Apenas os planos de expansão de TAM, Gol e Azul contemplam pelo menos mais 107 aeronaves em operação até 2014. Hoje, a frota das três companhias aéreas soma 305 unidades. Cada aeronave nova requer a contratação de seis a dez pilotos, segundo o diretor técnico do Sindicato Nacional das Empresas Aeroviárias (Snea), Ronaldo Jenkins. De acordo com as estimativas, serão necessários cerca de mil pilotos para operar apenas as novas aeronaves das três companhias aéreas nos próximos cinco anos. “A necessidade é muito maior. As empresas também precisam repor os profissionais que se aposentam ou deixam o emprego por outros motivos”, afirma Jenkins.
O número de licenças emitidas para pilotos é pequeno se comparado à demanda por transporte aéreo, que cresceu 35% nas rotas domésticas no primeiro trimestre de 2010, de acordo com a Anac. Em todo o ano passado, apenas 258 licenças para pilotos de linhas aéreas foram concedidas. “Hoje não há carência de mão de obra, mas, com esse crescimento no setor, temos que nos preocupar com o médio prazo”, afirma Jenkins.
O custo elevado para a formação e o pagamento de salários menos atrativos nesta década diminui o interesse dos jovens pela profissão de piloto, afirma Graziela Baggio, presidente do Sindicato Nacional dos Aeronautas, entidade que representa pilotos e comissários de bordo. O investimento em cursos teóricos e práticos para a formação de pilotos varia de R$ 100 mil a 150 mil, segundo estimativas de especialistas, mas o salário inicial é de R$ 3 mil a R$ 5 mil. Para pilotos mais experientes, remuneração chega a R$ 20 mil.

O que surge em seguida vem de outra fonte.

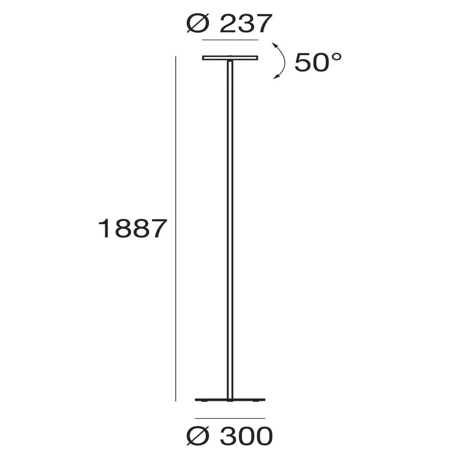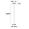 Light source: 1 topLED 25W – 2687 lumens – 3000 K – CRI=80 – 220-240 V – IP20. Dimensions: H 1887 mm Ø 300 mm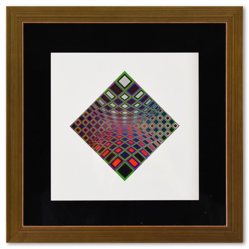 "Ond - Kett et Vega - Pal de la série Vega (Diptych)" is a set of heliogravure prints on paper, published in 1971, by Victor Vasarely (1908-1997). These pieces come custom framed, with a letter of authenticity and with a 1976 Vasarely paperback. Measures approx. 11.5" x 11.5" (frame), 9" x 9" (image).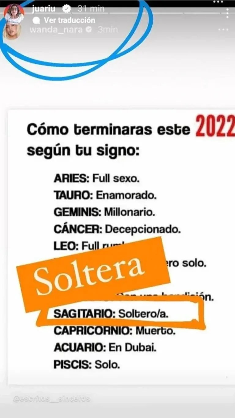 Según una captura que publicó Infobae, el mensaje en cuestión es una placa donde se especifica la situación en la que cada signo del Zodíaco terminará el 2022. En la publicación, la argentina subrayó el concepto vinculado a su signo, sagitario, que era "soltero/a".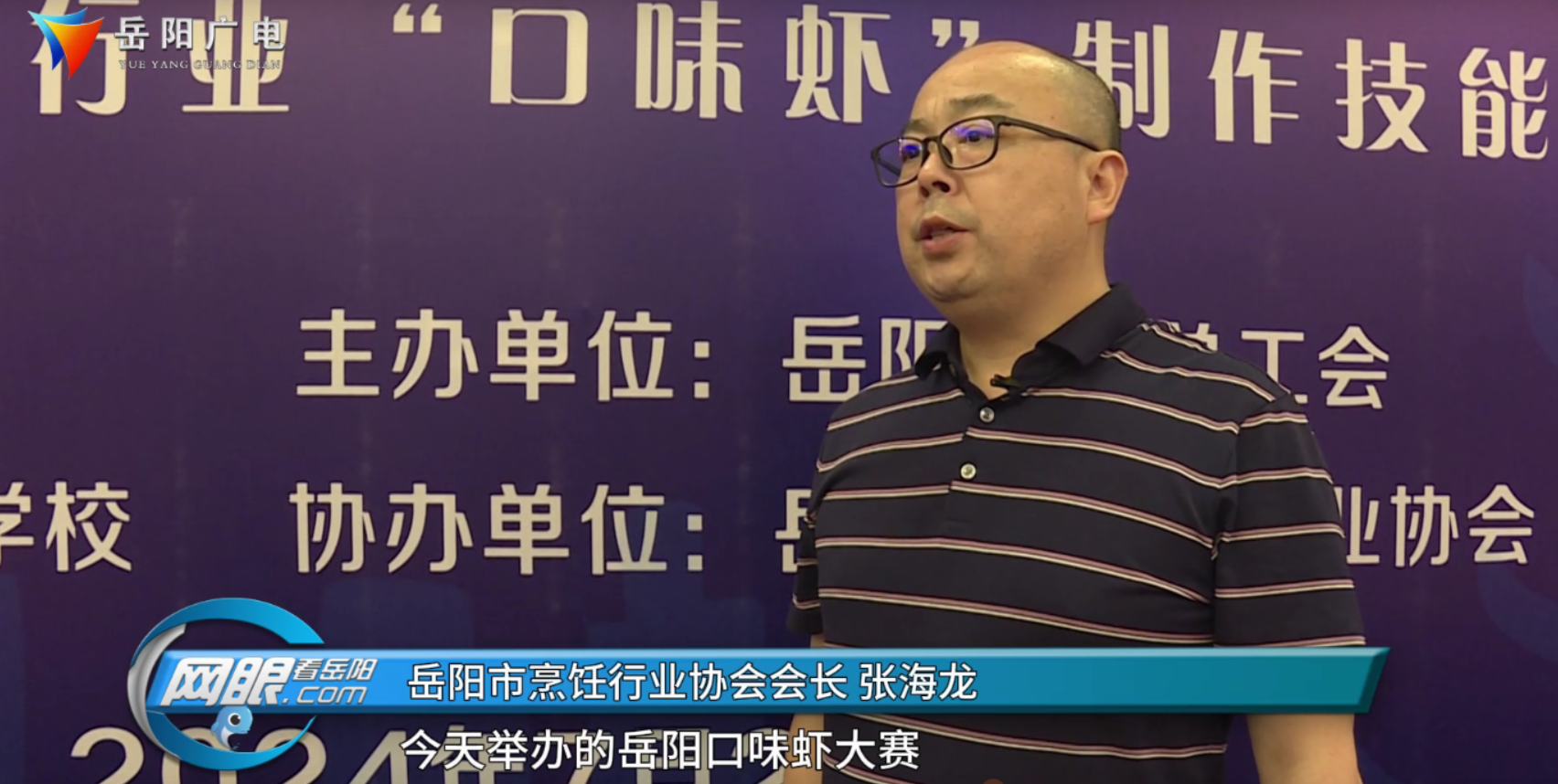 岳阳市烹饪行业协会会长 张海龙:我们岳阳口味虾品质好味道好,是“岳阳一桌菜”的其中重要的一道菜,今天举办的岳阳口味虾大赛,更加推动了岳阳餐饮,龙虾产业经济出圈出湘发展,技能大赛体现的是,大家的烹饪技能带来广大人民舌尖上的幸福,引来四面八方打卡。

“Ninguém mais fica rico como piloto”, afirma Enio Dexheimer, professor do curso de Ciências Aeronáuticas da PUC-RS e ex-comandante da Varig. Os salários da categoria encolheram com o excesso de oferta de mão de obra provocado pela falência de grandes empresas nos últimos 20 anos, como Vasp, Varig e Transbrasil. E os custos de formação aumentaram. “Na década de 60, um salário mínimo comprava mais de dez horas de voo nos aeroclubes. Hoje, compra no máximo duas”, diz Dexheimer.
Por falta de empregos ou para receber melhores salários, muitos pilotos foram para o exterior trabalhar nas companhias internacionais. A estimativa de especialistas consultados pelo iG é que cerca de 500 pilotos brasileiros voam em empresas estrangeiras. O contrário não pode acontecer. Mesmo com as aéreas internacionais em crise, o Brasil não pode aproveitar estes profissionais, porque a legislação do setor proíbe a contratação de estrangeiros, com raras exceções.